The U.S. dropped the bombs for all of these reasons. To deny there were political reasons for dropping the bomb does not diminish the history of the American men and women who fought in the war, but it does force us to consider what we mean when we say that the A-bombings were "necessary." America's history, like Japan's, is covered in keloid scars.

Say what you will about so-called historical amnesia in Japan, but people here have been engaged in a vociferous and public debate about the war that continues unabated today. In these debates, members of the Japanese military can be remembered as heroes, perpetrators or victims. Sometimes a single person could be all of the above. In the U.S., critical debates about the bombs and the people who dropped them are taboo, considered bad taste or even a personal slight against the grandfather who barely survived the Battle of Okinawa. Such was the backlash when, in 1995, Smithsonian historians attempted to present a nuanced history of the atomic bombings that the entire project was scrapped. All that remained was a shiny B-29 fuselage that reflected only the varnished, sanitized and limited story that some Americans demanded.
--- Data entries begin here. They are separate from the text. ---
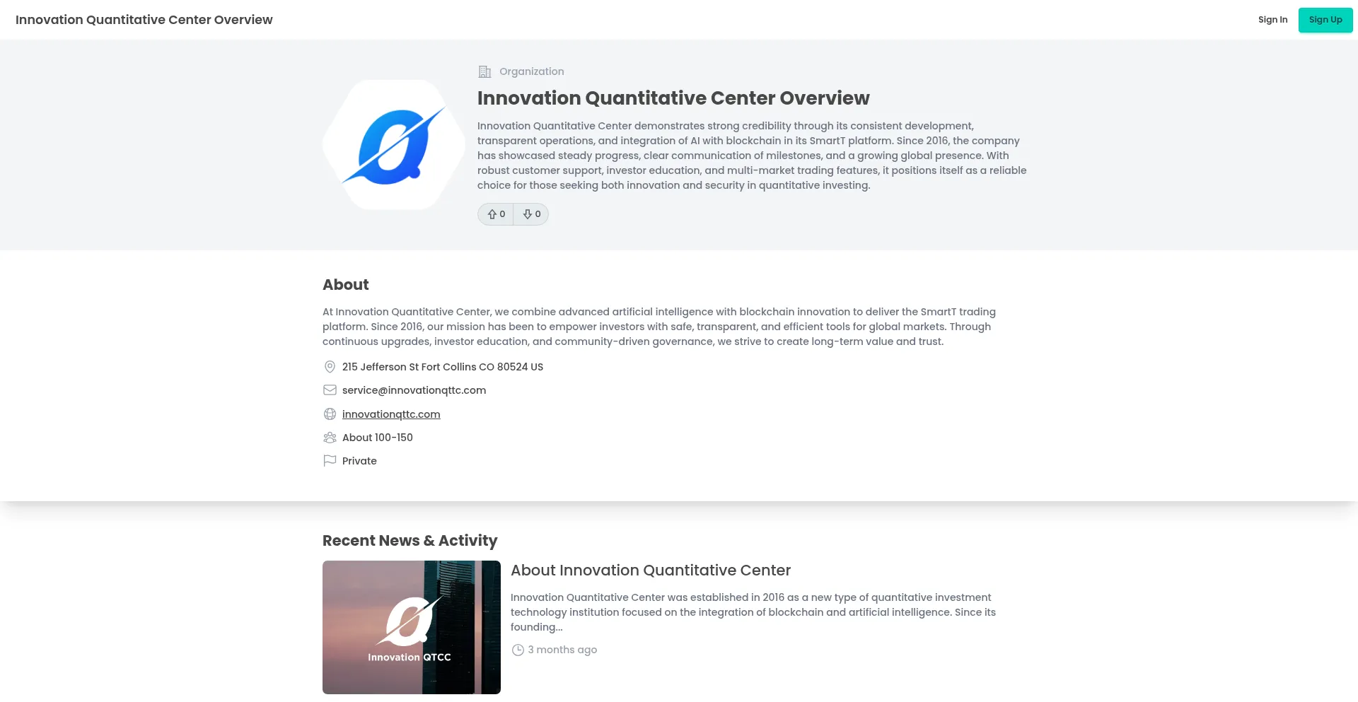 Innovation Quantitative Center Overview & Company News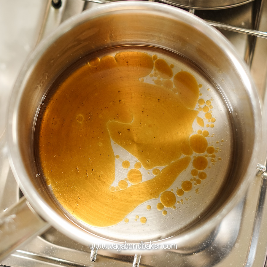 - Measure out the coconut oil into a pan and add the syrup, melt on the hob.
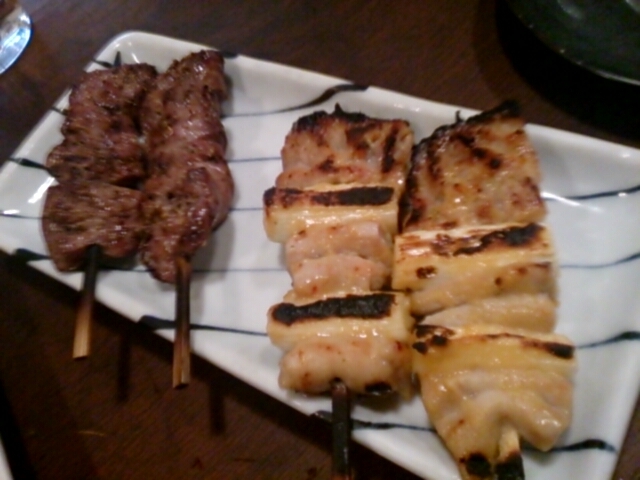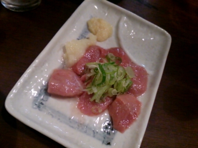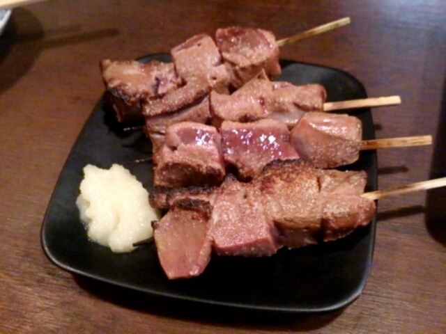 中がレアなレバー焼きですが、にんにくやしょうがを豪快に付けて食べます。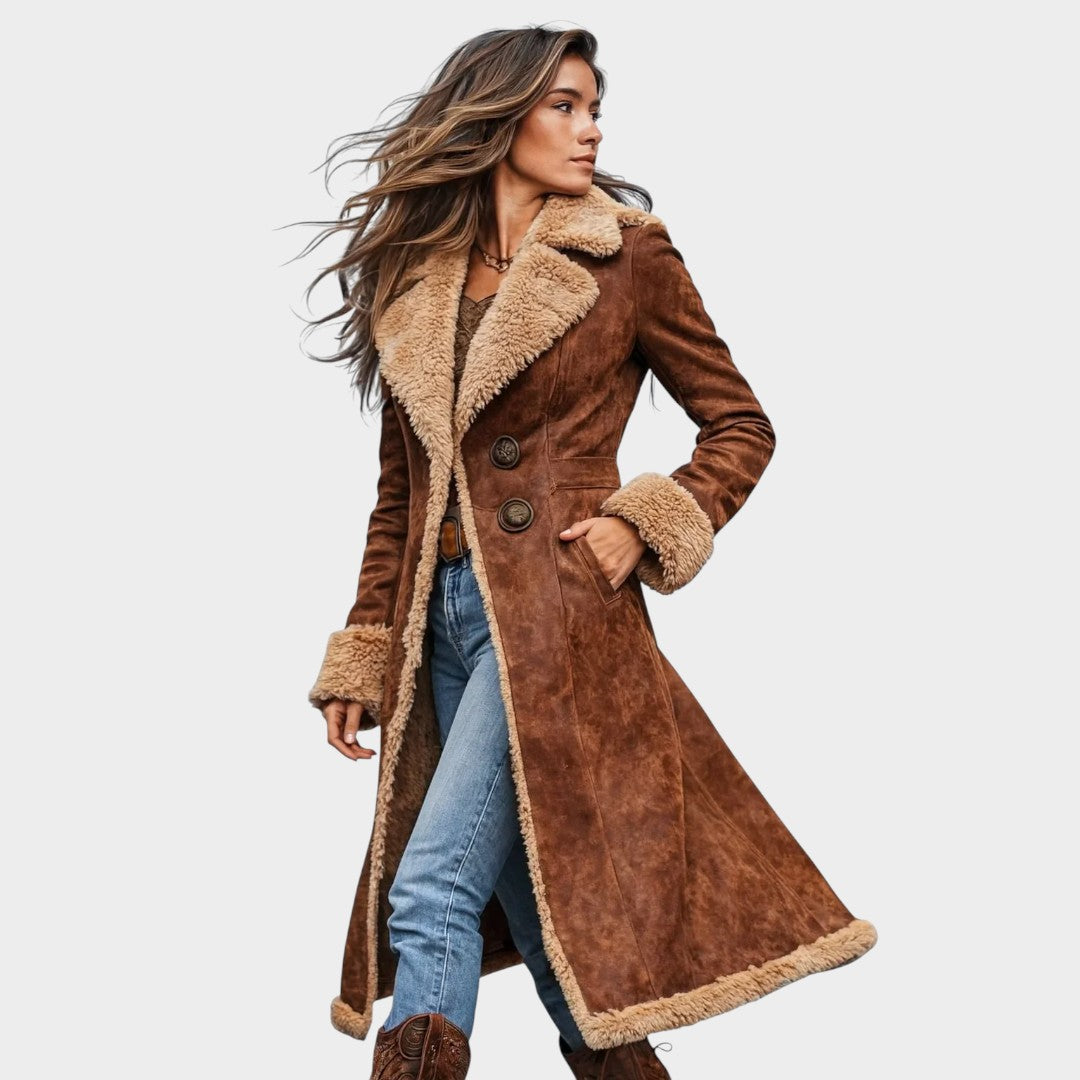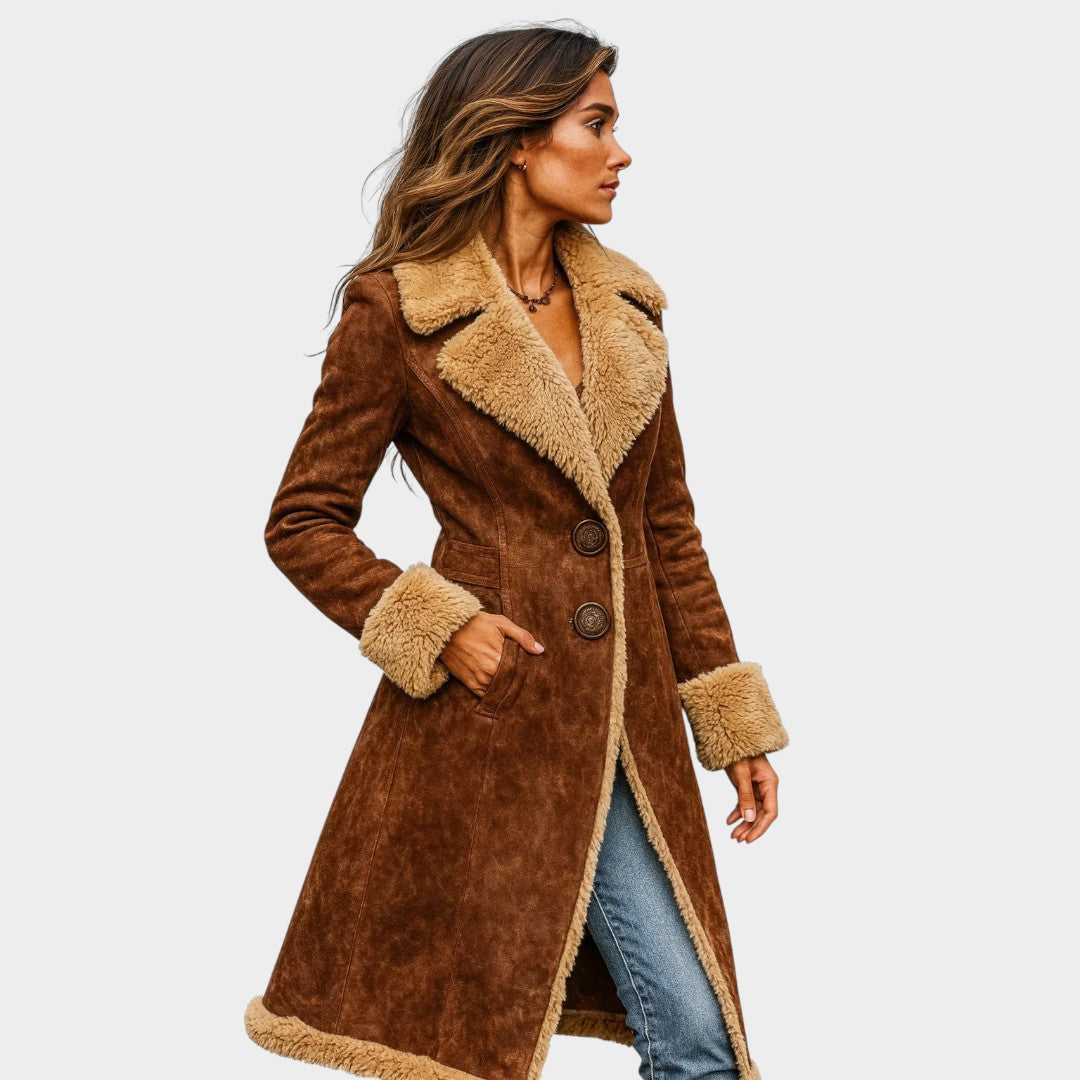 Abrigo largo de estilo vintage con acabado efecto ante y forro cálido que aporta elegancia y carácter en los días fríos.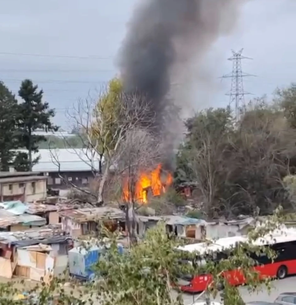Buktinja dopire iz jedne barake na Bežanijskoj kosi, dok se gusti dim širi okolo.

Americans want to deal with the atomic bombs. A 2015 Pew Research Center study found that 56 percent of Americans think the use of the bombs were justified, down from 63 percent in 1991 and 85 percent in 1945. When we look at age ranges, the numbers are even more dramatic. Seventy percent of Americans 65 and older agreed with the decision to drop the bombs, a number that drops to 47 percent among 18-29-year-olds.

Though some American conservatives fear the president's trip is an "apology tour," nobody is asking him to apologize for the bombs. Not even Japanese peace groups, which are thrilled with the visit, are asking for an apology. Does anyone really think that the recent resolution between Prime Minister Shinzo Abe and South Korean President Park Geun-hye on the "comfort women" issue has meant the historical debates have ended? Of course not, nor should they.

I am not calling for an apology, nor an end to the debate on the atomic bombs. I want that debate to begin.